Special Note: This lecture was delivered using BlackBoard Collaborate Ultra, due to weather closure.
When we are looking at the distribution of any data set, we want to have a measure of the center of the distribution. Usually our first step will be to look at the arithmetic mean, but each statistical distribution has its own Expected Value.
Similarly, we want to have a measure of dispersion and variability. Again, we usually would do something like calculate the standard deviation, but each distribution has its own measure of Variance.
Consider a generic probability distribution, with a PDF of
\[ P( a < x < b) = \int_a^b f(x|params)dx \]
(or an analogous PMF). This distribution has a number of properties that could be described.
What are we estimating?
Usually measures of location and dispersion and variability.

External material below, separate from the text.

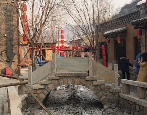 和古北水镇比差距很大,规模不大,可能是我们初一去的,有好多店都没开,吃的方面小吃居多,缸炉烧饼很赞,正经饭馆都没有开,住在恋乡风情客栈环境还不错,客房设施很新,也很有特色,可惜没有早点提供。

Can you think of any measures of location and dispersion that you are familiar with?
\[ E[X] = \sum_{i=1}^{\infty} x_i p_i \]
\[ E[X] = \int_{-\infty}^{\infty} x \cdot f(x) dx \]
We use sample statistics to estimate population statistics. In most cases in biology, populations are too large to measure population parameters directly. Therefore, we use different estimators to calculate the populations statistics based on the sample statistics.
See Q&K page 15 for more details.
What is the difference between accuracy vs. precision1
Give an example of a point estimate and an interval estimate.